Разумеется, в таком пополнении языковых ресурсов участвуют и заимствования из других языков. Для русского языка это в раннем средневековье — старославянский, т.е. язык богослужения, представлявший собой один из южнославянских диалектов (его роль по отношению к русскому языку академик Никита Толстой уподоблял донору), и греческий, в допетровском XVIIвеке — польский (чаще в качестве посредника), в петровские времена — немецкий и голландский, позднее — французский, а в настоящее время — английский. Определяя главнейшую ценность слова как содержательную, объективную и субъективную, я отлично понимаю, что у слова есть и другие аспекты — какие ассоциации вызывает, как звучит, просто «нравится» — «не нравится», но ценность всех этих аспектов приближается к нулю, если видеть в речевой деятельности людей не упражнения в выражении своих оценок по поводу слов, но содержательно ценное занятие. Совершая речевой поступок, человек делает выбор из разных возможностей, и чем больше арсенал, набор, меню этих возможностей, тем лучше язык может выполнить свою главную функцию. Не боясь впасть в пошлость, я всегда спрашиваю борцов против заимствований в языке — почему, делая выбор при покупке автомобиля или костюма, места летнего отдыха, сорта вина, книги для чтения и т.п., они не ставят на первое место происхождение того, что может представлять собой результат их выбора, но руководствуются совсем другими принципами, среди которых на первом месте те качества, которые способны удовлетворять не фантомные, а реальные потребности человека, т.е. способность быть адекватным своему предназначению, ради которого этот феномен и существует. Разумеется, в языке, в том числе и в русском, есть не только «пустые клетки» (по отношению к требующей называния реальности в ее разнообразных проявлениях), но «лишние» слова, ничем друг от друга не отличающиеся (бросать и кидать, везде и всюду, референдум и плебисцит). В таких случаях, когда необходимые обозначения уже имеются, обычно и не возникает потребность в заимствованиях. А если такое и происходит, то обычно отражает лишь желание некоторой части общества «свою образованность показать» и, видимо, уже против их желания отражает комплекс неполноценности.

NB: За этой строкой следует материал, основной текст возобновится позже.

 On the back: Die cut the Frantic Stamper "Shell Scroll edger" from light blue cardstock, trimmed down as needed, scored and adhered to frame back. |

Что касается заимствованного слова тренд, то его нет в новейших словарях русского языка (Н.Ю. Шведова 2008 г., Л.П. Крысин 2010 г.), а, следовательно, его семантизация требует проверки со стороны многих носителей языка. По-моему, слово тренд обозначает «весьма сильное движение и распространение (в обществе)», отличаясь, таким образом, от слов тенденция (тоже заимствованного), настроение, течение,ничего не сообщающих о силе этого процесса. Ср. струя и потокветер и ураганинтерес и страстьспособность и талант и т.п. Видимо, слово тренд представляется более удобным для носителей русского языка, чем, например, господствующие (влиятельные) общественные настроения, хотя бы по причине его краткости именно как слова в отличие от длинного словосочетания.

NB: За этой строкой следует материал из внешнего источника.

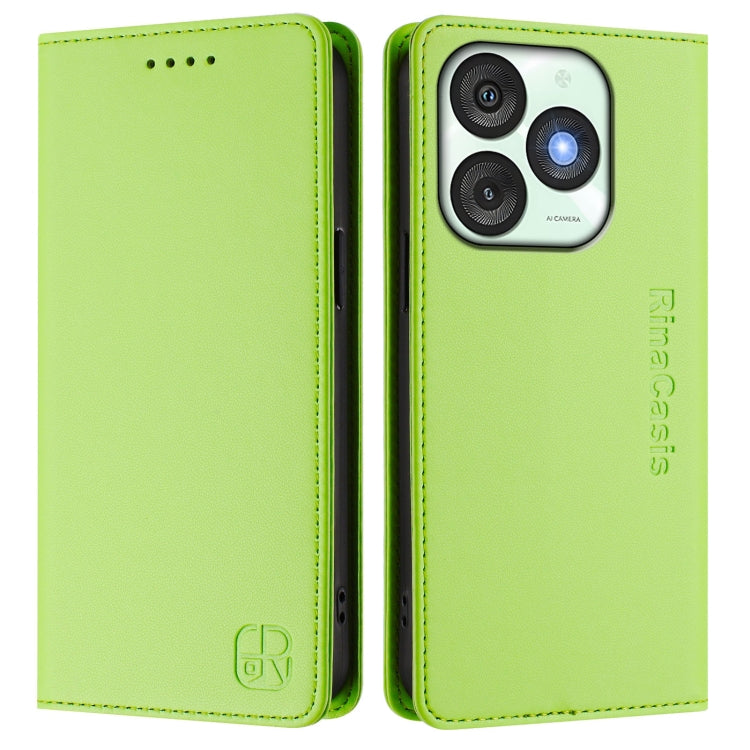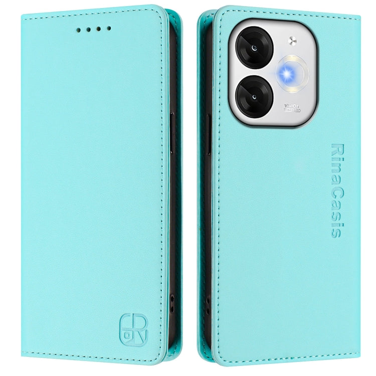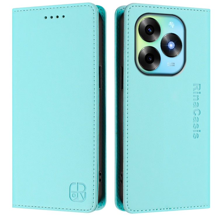 Funda de Cuero Rfid para Teléfono Itel S23+ Rc01 con Doble Pliegue y Succión Magnética (Verde Menta)

Вообще язык как достояние всех, им владеющих (и даже просто пользующихся), плохо подчиняется запретам извне. А благодаря обычно не осознанным усилиям простых граждан и осознанным усилиям видных деятелей общества, писателей, поэтов, философов обогащается необходимыми словами, что связано с интеллектуальным обогащением людей, появлением новых предметов, явлений, ситуаций, необходимостью более тонкой дифференциации того, что прежде не различалось, потребностью прибавить к уже существующему слову положительную или отрицательную оценку, сообщить сниженную или, наоборот, официальную характеристику. В последнее время главную роль в этой постоянной необходимой работе взяли на себя СМИ. Естественно, что существенный источник такого пополнения — заимствования в русский язык из других языков. Напомню, что последним радостным для русского языка движением в противоположном направлении было слово спутник. Так что, если будут полезные для мира инновации, созданные с Россией, а следовательно, и получившие здесь свое именование, тем больше будет заимствований из русского языка в других — на радость всех, кто любит русский язык.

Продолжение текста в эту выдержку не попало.